Actually i want it sor every column but for simplicity just asked for only one
thanx for the tip and i would keep that into mind while asking next time
Can u please explain me the code
i cant understand what is this +B==2
2=1+1 so the expression returns TRUE (=1) before summing if there is a 1 at the same row position in A(:,1) and in a column of B.
and how can i now repeat in a loop for every column of A?
Simpler (fewer operations):
>> sum(A(:,1)&B)
ans =
1 0 2 1
"and how can i now repeat in a loop for every column of A?"
squeeze(sum(reshape(A,size(A,1),1,[])&B))
The reshape() just moves the 2nd dimension (column) of A to the 3rd dimension
So each origin column A(:,j) now can be addressed as A(:,:j).

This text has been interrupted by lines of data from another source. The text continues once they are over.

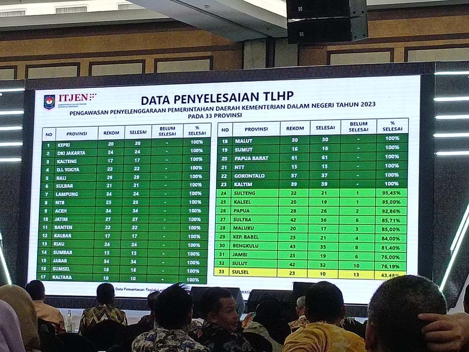 "Terhadap progres capaian penyelesaian Tindak Lanjut Hasil Pengawasan (TLHP) Inspektorat Jenderal Kemendagri RI, saya mengapresiasi kerja sama dari semua perangkat daerah terkait di lingkup pemerintah Provinsi Kalimantan Tengah yang telah menyelesaikan Rekomendasi Hasil Pengawasan dan Pengaduan Masyarakat dengan persentase penyelesaian 100%. Namun demikian, masih terdapat beberapa Rekomendasi TLHP Inspektorat Jenderal dari Kementerian Teknis lainnya yang menjadi perhatian untuk segera diselesaikan," tandasnya. (INSP)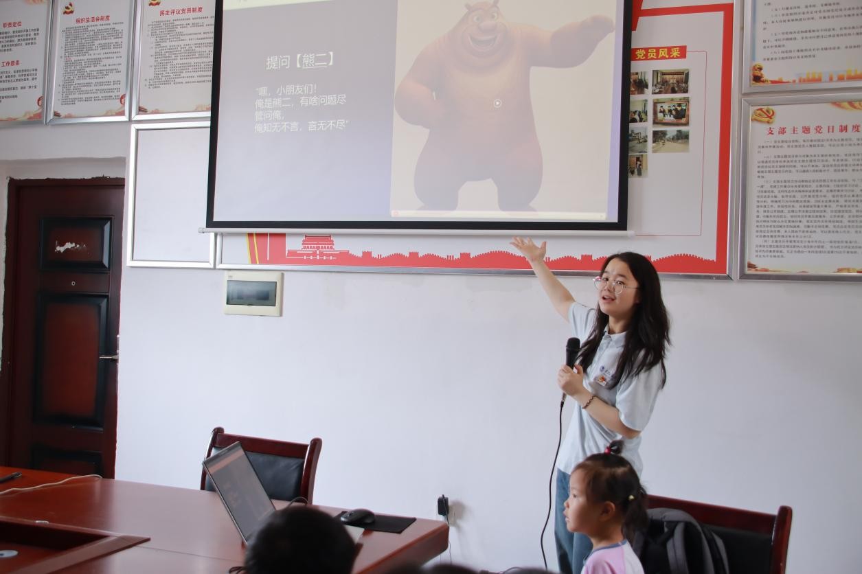 課程最后,實踐團將AI與孩子們熟悉的動畫角色“熊二”結合起來,通過技術賦予其特征與交互功能,構建可互動的AI形象。屏幕上的“熊二”憨態可掬、回應親切,讓孩子們驚喜不已。這一具象化形態讓AI變得可感可知,孩子們通過互動,明白科技并非遙不可及,而是能夠融入生活的工具;此環節縮短了孩子們對科技的認知距離,為未來的學習埋下了興趣種子。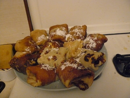 У меня 2 были: тушенные яблоки с грецким орехом и творог с сахаром..Сверху посыпала сахарной пудрой!!!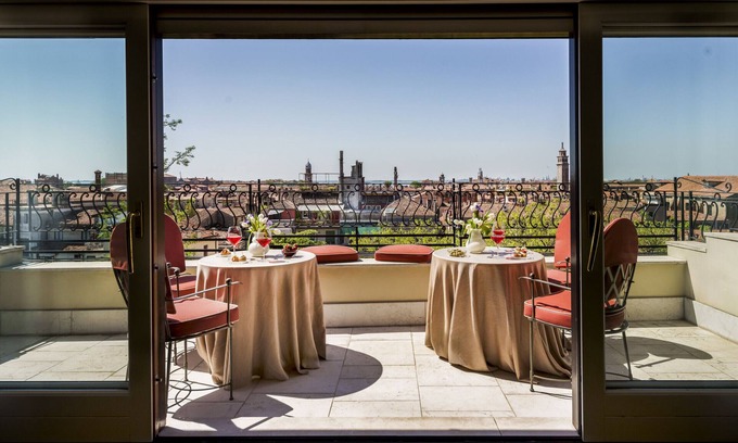 Sitting on the 4th floor at the very top of one of the finest palazzi in Venice (indeed the birthplace of 2 Doges of Venice, Leonardo Loredan (1501-21) and Francesco Loredan (1752-62)) and benefitting from plenty of light and airiness as a result, Ca' Cerchieri Terrace offers private water access for stylish and fuss-free arrivals by private water taxi and is reached by lift to the 3rd floor, leaving one flight of stairs to ascend on foot.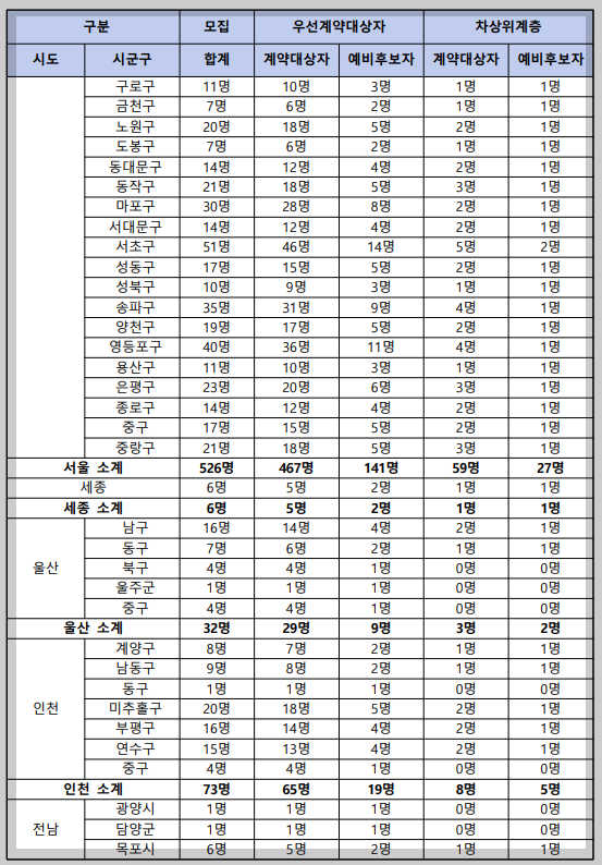 - 신청 기간 현재, 우선 계약 대상자 또는 차상위계층에 속하는 자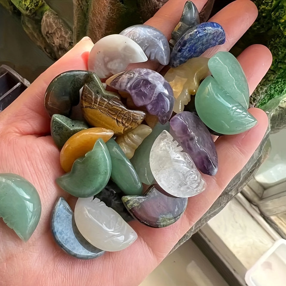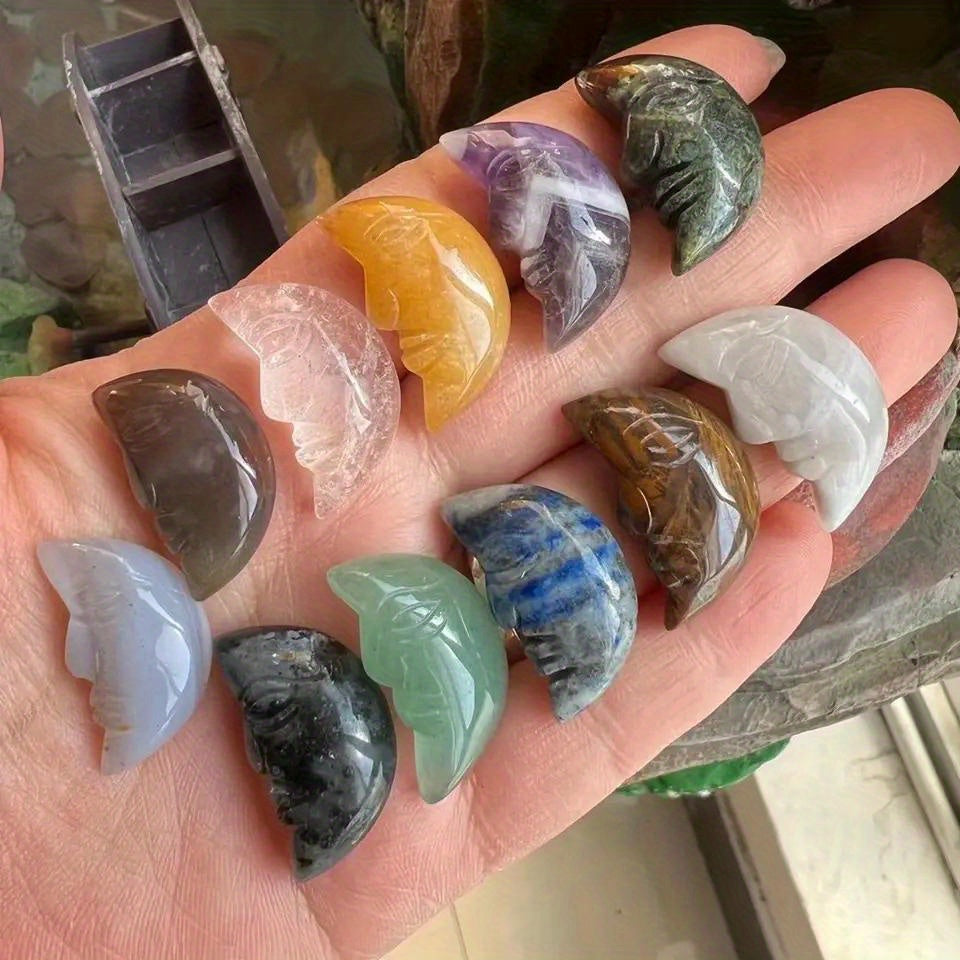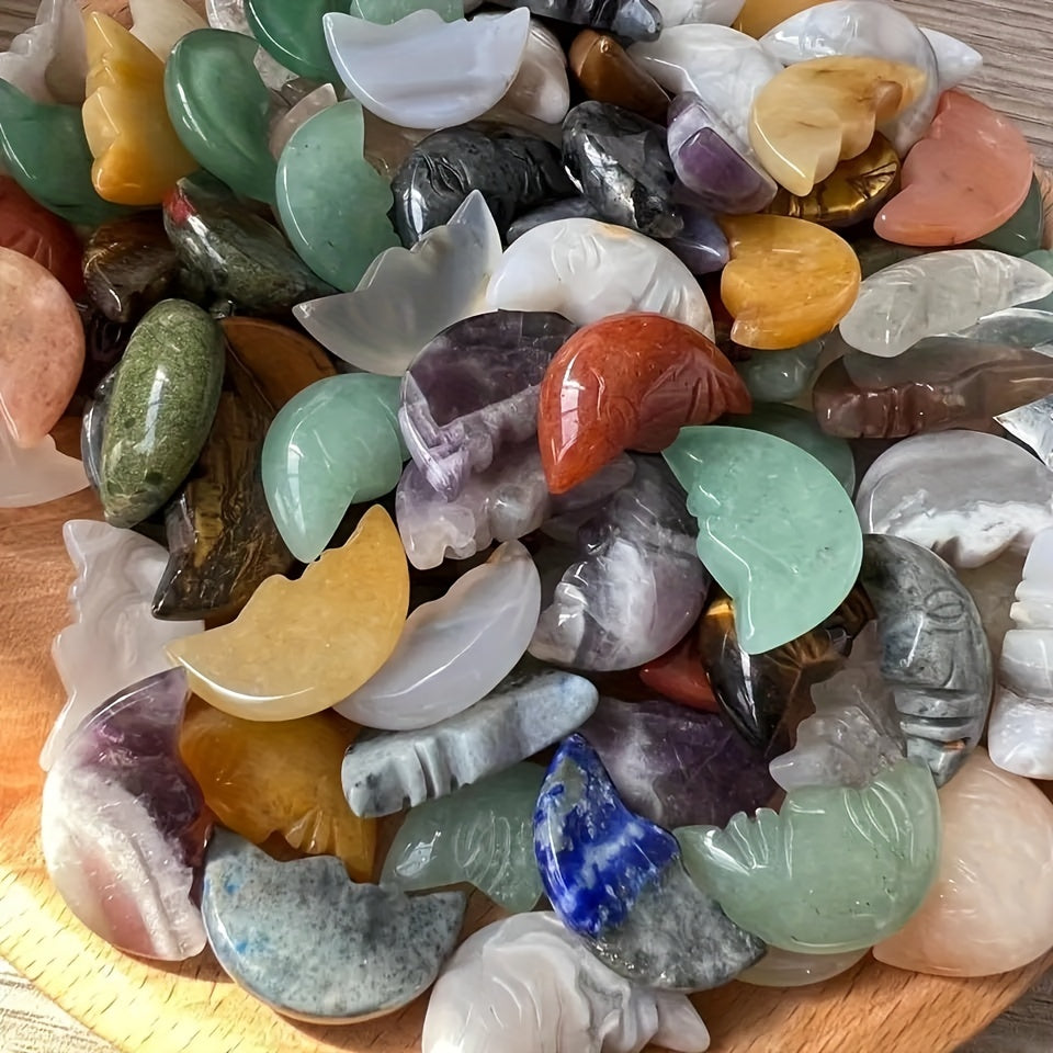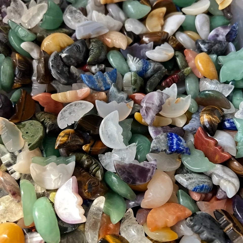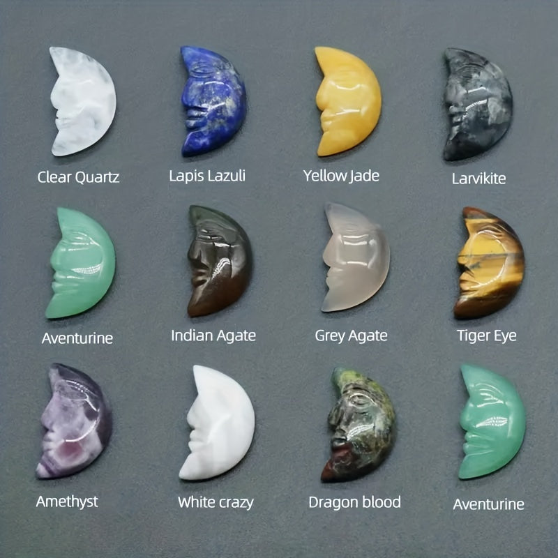 This bag contains 5, 10, 20, or 50 pieces of 26x15mm natural healing crystals in the shape of a human face moon. These gemstones are perfect for jewelry making and as decorative ornaments.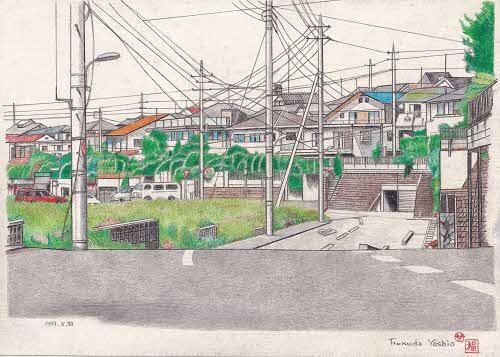 まちの記憶は、四街道市内のかつての風景と、その場所にまつわるエピソードを添えたコラムです。四街道市に生まれ育ち、その地で70年以上暮らしている画家の福田芳生が、記憶をたどりながら描いた色鉛筆画とテキストで綴ります。(絵・文:福田芳生)まちの記憶について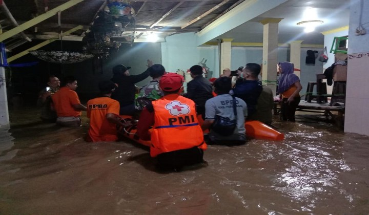 Sebanyak dua buah perahu karet dioperasikan guna mengevakuasi warga korban banjir yang terjebak di dalam rumahnya.

The explanation for SUM(... & B) you already know, but now use in the context of auto-expansion. Excepted that the result now is of the size (1 x size(B,2) x size(A,2)): each number of common 1-values of B and A(:,j) is in a slide XX(1,:,j) before SQUEEZE is invoked.
The squeeze command removes the 1st singleton dimension, so XX(:,j) is common 1-values of B and A(:,j).
NOTE: You might transpose the result so each row corresponds to result of a column of A with you prefer.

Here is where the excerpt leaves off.